Advocates say the city’s Department of Correction has been struggling to provide adequate reentry services and programs to detainees at Rikers Island.
This started when the DOC ended its $17 million contract with five nonprofits that had initially been doing the work. Instead, the agency decided to provide the programming itself.
However, hundreds of detainees have since received less access to these programs than before, according to the Mayor’s Management Report.
Earlier this year, the Adams administration announced it would dedicate $14 million to the DOC to restore some programming, but advocates and critics say this is too little too late.
The CEO of the Fortune Society, Stanley Richards, who is formerly incarcerated and recently worked at the Department of Correction, and Jonathan Monsalve, the interim president and CEO of the Osborne Association, sat down with Errol Louis on “Inside City Hall” Thursday to talk more about the work their nonprofits do and why it’s necessary that funding be restored.

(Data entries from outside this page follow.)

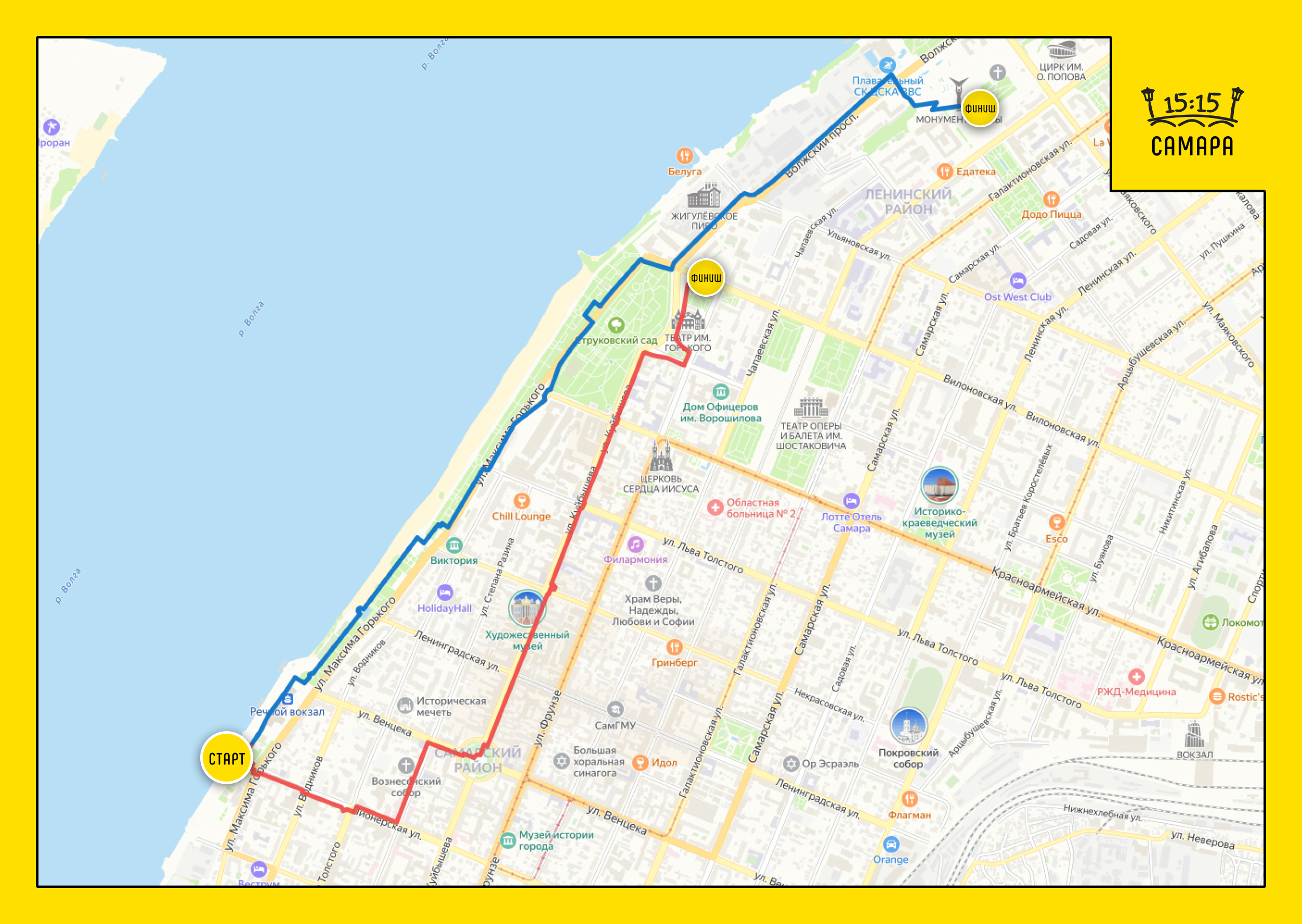 Мы подготовили два насыщенных маршрута по Самаре, которые чередуются через день и включают как визитные карточки города, так и рассказы о его жизни от местного гида. До 1 апреля 2026 года из-за погодных условий гуляем только по красному маршруту.
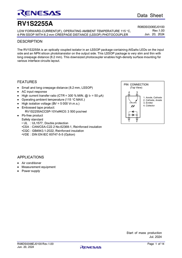 Low Forward-Current (IF), Operating Ambient Temperature 115 °C, 4-Pin SSOP with 8.2mm Creepage Distance (LSSOP) Photocoupler
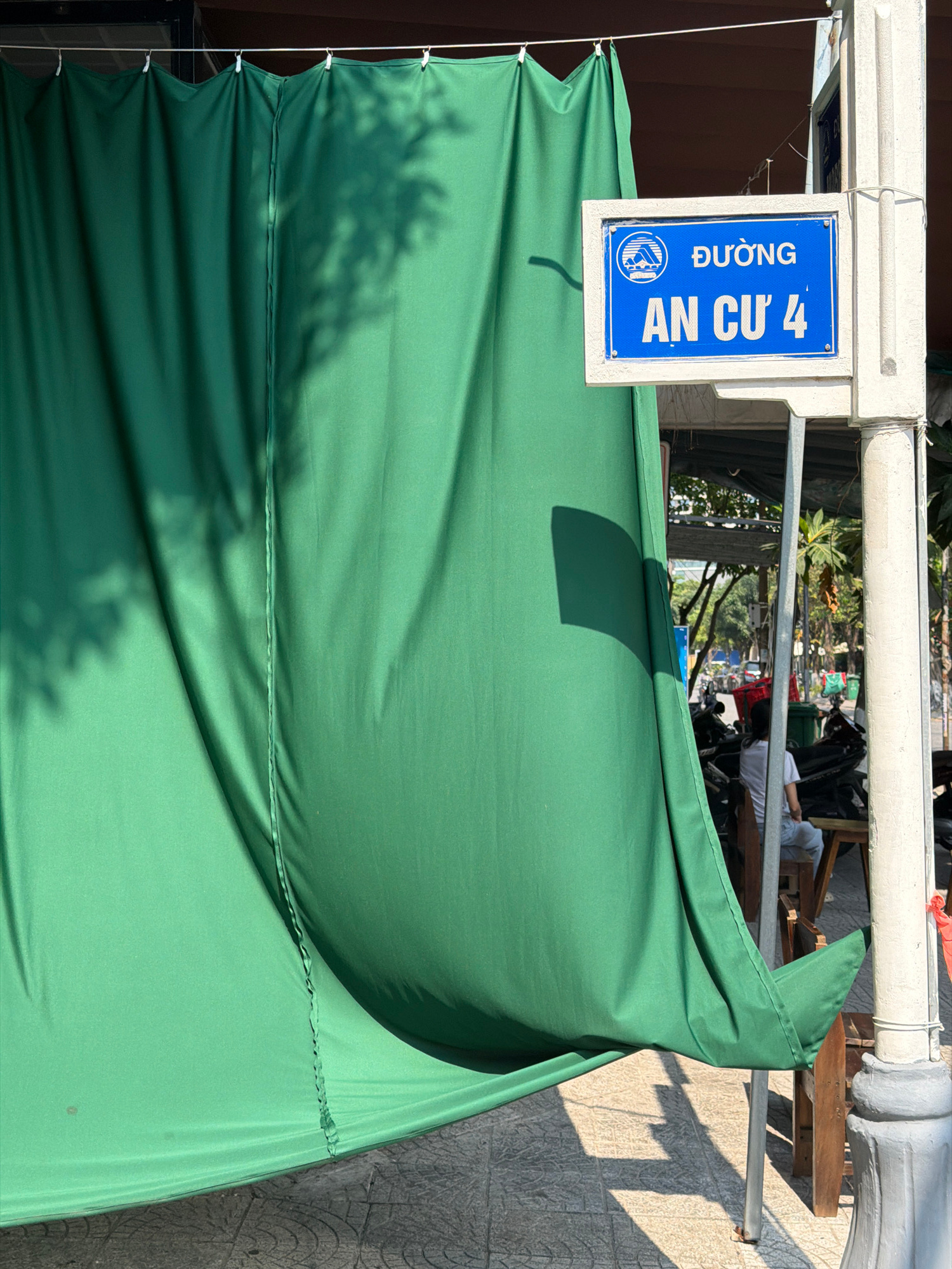 The image depicts a blue and white sign indicating "ĐƯỜNG AN CƯ 4" (An Cu 4 Road) in Đà Nẵng, Vietnam. A large, green canvas or awning is draped in the foreground. The sign is mounted on a white struc…read more
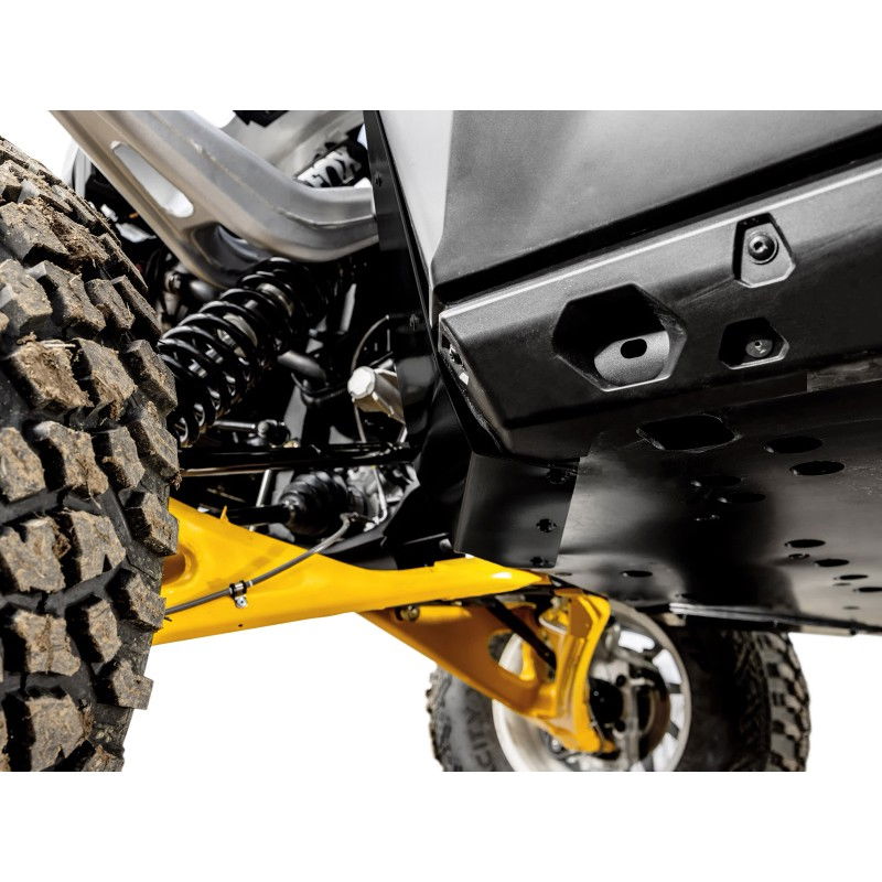 Does not reduce the Wheel-to-Vehicle clearance. The Protection is fitted tightly to the plastic fairing.
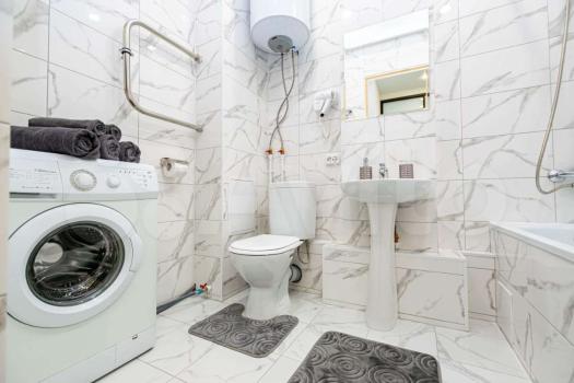 В ванной комнате совмещеный санузел со стиральной машиной и водонагревателем, инсталляция.
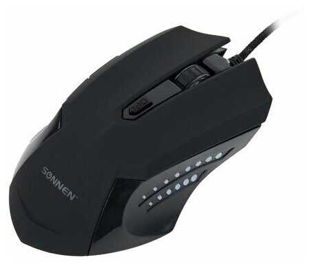 Отзывы о Мышь проводная игровая SONNEN I3, пластик, 6 кнопок, 800-3200 dpi, LED-подсветка, черная, 513523

“When people engage to a point where they have some hope that tomorrow is going to be better than today, that the future is going to be better than their past, that breeds a kind of calmness,” Richards said. “Without those services, people are feeling disconnected, people are feeling hopeless. And when people feel hurt, hurt people hurt.”
“A lot of what we do is geared toward supporting people while they’re in the inside, but also when they come home,” Monsalve said. “We’re from these communities, and we want to make sure that we’re there to help them transition back to the community successfully when they’re able to come home.”